Point estimation help please

[RyuVI]

Hello,

I would appreciate if someone could explain more thoroughly the reasoning behind the answer to Question 10.10. I've read through the answer and even though the techniques seem to make sense I know I wouldn't have been able to do this myself. Perhaps it's because I am unfamilar with truncated data - I've never worked with truncated probabiilty distributions before.

I don't understand why in part (i) we calculated E(X) using this truncated poisson distribution for the method of moments estimator. (It kinda makes sense to me that we use the truncated poisson for the MLE).

Why can't we just calculate E(X) using (Sigma Xi)/n?

I thought that x bar = E(X) = the estimate for lambda for method of moments. But part (ii) implies this is not the case.

I would really appreciate some clarification if anyone can offer some.

RyuVI

 

[bobbathejobba]

Hello,

I would appreciate if someone could explain more thoroughly the reasoning behind the answer to Question 10.10. I've read through the answer and even though the techniques seem to make sense I know I wouldn't have been able to do this myself. Perhaps it's because I am unfamilar with truncated data - I've never worked with truncated probabiilty distributions before.

I don't understand why in part (i) we calculated E(X) using this truncated poisson distribution for the method of moments estimator. (It kinda makes sense to me that we use the truncated poisson for the MLE).

Why can't we just calculate E(X) using (Sigma Xi)/n?

I thought that x bar = E(X) = the estimate for lambda for method of moments. But part (ii) implies this is not the case.

I would really appreciate some clarification if anyone can offer some.

RyuVI

Hi ther RyuVI

Not quite sure what Q10.10 is - but I'll hazard a guess:

Method of moments equates E(X) - the mean of the distribution
to X bar - the mean of the sample

Since I guessing your sample data comes from the truncated distribution - that means your sample mean is of the truncated distrubiton. So you should stick it equal to the E(X) of the truncated distribution.

If you had data from the whole distribution (and so a sample mean of the whole distribution) then you could stick this equal to X bar.

Let me know if I'm totally up the spout - or someone else out there help out (though I suspect most are not that far through the course yet).

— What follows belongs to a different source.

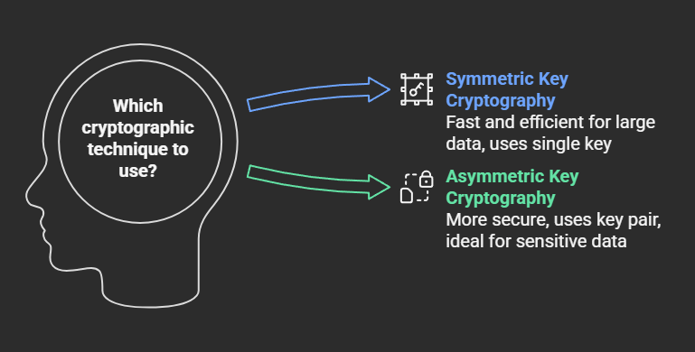 Cryptographic systems achieve these goals using algorithms and protocols. The two main types of cryptographic techniques are:
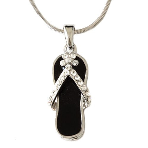 Free Shipping Black and Crystal Flip Flop Pendant Necklace Fashion Jewelry @ Amazon.com

PS Bit worried you said you could work out E(X) using sigmaX/n. As that is the formula for the sample mean. For E(X) you use sigma xP(X=x) or the integral of xf(x).

 

[RyuVI]

Hi ther RyuVI

Not quite sure what Q10.10 is - but I'll hazard a guess:

Method of moments equates E(X) - the mean of the distribution
to X bar - the mean of the sample

Since I guessing your sample data comes from the truncated distribution - that means your sample mean is of the truncated distrubiton. So you should stick it equal to the E(X) of the truncated distribution.

If you had data from the whole distribution (and so a sample mean of the whole distribution) then you could stick this equal to X bar.

Let me know if I'm totally up the spout - or someone else out there help out (though I suspect most are not that far through the course yet).

bobba, you are a legend! Thanks so much for your reply, it makes sense to me now. You were spot on: x bar has to be equated to the expectation of the truncated distribution (poisson in this case) which was confusing me, especially the way this was calculated. (ie sigma [x.k.truncP(X=x)] where k is a constant of proportionality.) I didn't really get how k was then determined but it makes sense now, again I guess I'm just unfamiliar with truncated distributions.

PS Bit worried you said you could work out E(X) using sigmaX/n. As that is the formula for the sample mean. For E(X) you use sigma xP(X=x) or the integral of xf(x).

Yeah sorry I meant to ask why can't we equate E(X) to x bar (sample mean).

Thanks again,
Ryan.

 

[bobbathejobba]

Nice to know the brain cells still work!